*EXERCISE DESCRIPTION*
Write each entry out again, exactly as it is written.

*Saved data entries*
──────

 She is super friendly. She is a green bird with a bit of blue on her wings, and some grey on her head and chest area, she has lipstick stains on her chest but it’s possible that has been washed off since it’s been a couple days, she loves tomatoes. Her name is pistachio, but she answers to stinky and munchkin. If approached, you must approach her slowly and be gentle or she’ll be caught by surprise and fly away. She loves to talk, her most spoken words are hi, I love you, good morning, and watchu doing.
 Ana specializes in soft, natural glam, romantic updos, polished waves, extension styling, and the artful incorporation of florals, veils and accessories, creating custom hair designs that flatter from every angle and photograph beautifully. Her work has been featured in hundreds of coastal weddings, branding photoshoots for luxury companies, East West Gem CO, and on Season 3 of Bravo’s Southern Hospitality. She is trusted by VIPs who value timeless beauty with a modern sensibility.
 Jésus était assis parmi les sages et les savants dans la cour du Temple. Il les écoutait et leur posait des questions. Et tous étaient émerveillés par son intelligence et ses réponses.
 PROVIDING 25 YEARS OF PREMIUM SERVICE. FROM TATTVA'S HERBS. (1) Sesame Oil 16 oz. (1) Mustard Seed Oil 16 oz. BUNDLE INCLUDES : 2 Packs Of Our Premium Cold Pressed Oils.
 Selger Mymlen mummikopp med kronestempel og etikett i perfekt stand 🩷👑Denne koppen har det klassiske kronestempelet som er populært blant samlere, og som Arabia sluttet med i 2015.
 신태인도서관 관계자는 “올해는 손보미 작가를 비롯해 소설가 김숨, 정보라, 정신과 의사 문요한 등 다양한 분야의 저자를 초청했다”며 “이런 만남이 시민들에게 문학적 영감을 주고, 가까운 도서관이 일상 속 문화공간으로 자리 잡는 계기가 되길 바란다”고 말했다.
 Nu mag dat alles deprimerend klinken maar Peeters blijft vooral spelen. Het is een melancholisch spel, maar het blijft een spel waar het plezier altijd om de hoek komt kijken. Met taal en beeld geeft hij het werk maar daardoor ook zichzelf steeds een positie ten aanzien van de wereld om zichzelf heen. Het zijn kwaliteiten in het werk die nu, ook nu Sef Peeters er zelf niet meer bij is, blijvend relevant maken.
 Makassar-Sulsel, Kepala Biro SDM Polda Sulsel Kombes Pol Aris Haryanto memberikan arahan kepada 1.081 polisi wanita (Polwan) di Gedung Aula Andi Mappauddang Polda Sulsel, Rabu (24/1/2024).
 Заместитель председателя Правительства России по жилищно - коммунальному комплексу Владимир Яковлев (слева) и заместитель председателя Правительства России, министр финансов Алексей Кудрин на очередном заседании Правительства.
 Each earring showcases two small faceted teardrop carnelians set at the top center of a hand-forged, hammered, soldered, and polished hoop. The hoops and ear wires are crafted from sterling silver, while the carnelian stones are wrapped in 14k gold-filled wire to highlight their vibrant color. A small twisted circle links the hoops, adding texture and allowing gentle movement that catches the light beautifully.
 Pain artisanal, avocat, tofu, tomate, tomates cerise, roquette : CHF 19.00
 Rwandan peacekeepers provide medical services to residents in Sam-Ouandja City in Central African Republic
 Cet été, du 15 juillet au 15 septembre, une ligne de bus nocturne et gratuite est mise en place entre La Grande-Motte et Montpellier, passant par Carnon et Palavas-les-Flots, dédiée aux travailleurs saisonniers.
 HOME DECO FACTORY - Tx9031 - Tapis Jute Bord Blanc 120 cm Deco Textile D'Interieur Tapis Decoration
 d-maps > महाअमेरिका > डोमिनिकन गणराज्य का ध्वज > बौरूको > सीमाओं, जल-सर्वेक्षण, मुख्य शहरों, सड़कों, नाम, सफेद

──────

*RESULT*
 She is super friendly. She is a green bird with a bit of blue on her wings, and some grey on her head and chest area, she has lipstick stains on her chest but it’s possible that has been washed off since it’s been a couple days, she loves tomatoes. Her name is pistachio, but she answers to stinky and munchkin. If approached, you must approach her slowly and be gentle or she’ll be caught by surprise and fly away. She loves to talk, her most spoken words are hi, I love you, good morning, and watchu doing.
 Ana specializes in soft, natural glam, romantic updos, polished waves, extension styling, and the artful incorporation of florals, veils and accessories, creating custom hair designs that flatter from every angle and photograph beautifully. Her work has been featured in hundreds of coastal weddings, branding photoshoots for luxury companies, East West Gem CO, and on Season 3 of Bravo’s Southern Hospitality. She is trusted by VIPs who value timeless beauty with a modern sensibility.
 Jésus était assis parmi les sages et les savants dans la cour du Temple. Il les écoutait et leur posait des questions. Et tous étaient émerveillés par son intelligence et ses réponses.
 PROVIDING 25 YEARS OF PREMIUM SERVICE. FROM TATTVA'S HERBS. (1) Sesame Oil 16 oz. (1) Mustard Seed Oil 16 oz. BUNDLE INCLUDES : 2 Packs Of Our Premium Cold Pressed Oils.
 Selger Mymlen mummikopp med kronestempel og etikett i perfekt stand 🩷👑Denne koppen har det klassiske kronestempelet som er populært blant samlere, og som Arabia sluttet med i 2015.
 신태인도서관 관계자는 “올해는 손보미 작가를 비롯해 소설가 김숨, 정보라, 정신과 의사 문요한 등 다양한 분야의 저자를 초청했다”며 “이런 만남이 시민들에게 문학적 영감을 주고, 가까운 도서관이 일상 속 문화공간으로 자리 잡는 계기가 되길 바란다”고 말했다.
 Nu mag dat alles deprimerend klinken maar Peeters blijft vooral spelen. Het is een melancholisch spel, maar het blijft een spel waar het plezier altijd om de hoek komt kijken. Met taal en beeld geeft hij het werk maar daardoor ook zichzelf steeds een positie ten aanzien van de wereld om zichzelf heen. Het zijn kwaliteiten in het werk die nu, ook nu Sef Peeters er zelf niet meer bij is, blijvend relevant maken.
 Makassar-Sulsel, Kepala Biro SDM Polda Sulsel Kombes Pol Aris Haryanto memberikan arahan kepada 1.081 polisi wanita (Polwan) di Gedung Aula Andi Mappauddang Polda Sulsel, Rabu (24/1/2024).
 Заместитель председателя Правительства России по жилищно - коммунальному комплексу Владимир Яковлев (слева) и заместитель председателя Правительства России, министр финансов Алексей Кудрин на очередном заседании Правительства.
 Each earring showcases two small faceted teardrop carnelians set at the top center of a hand-forged, hammered, soldered, and polished hoop. The hoops and ear wires are crafted from sterling silver, while the carnelian stones are wrapped in 14k gold-filled wire to highlight their vibrant color. A small twisted circle links the hoops, adding texture and allowing gentle movement that catches the light beautifully.
 Pain artisanal, avocat, tofu, tomate, tomates cerise, roquette : CHF 19.00
 Rwandan peacekeepers provide medical services to residents in Sam-Ouandja City in Central African Republic
 Cet été, du 15 juillet au 15 septembre, une ligne de bus nocturne et gratuite est mise en place entre La Grande-Motte et Montpellier, passant par Carnon et Palavas-les-Flots, dédiée aux travailleurs saisonniers.
 HOME DECO FACTORY - Tx9031 - Tapis Jute Bord Blanc 120 cm Deco Textile D'Interieur Tapis Decoration
 d-maps > महाअमेरिका > डोमिनिकन गणराज्य का ध्वज > बौरूको > सीमाओं, जल-सर्वेक्षण, मुख्य शहरों, सड़कों, नाम, सफेद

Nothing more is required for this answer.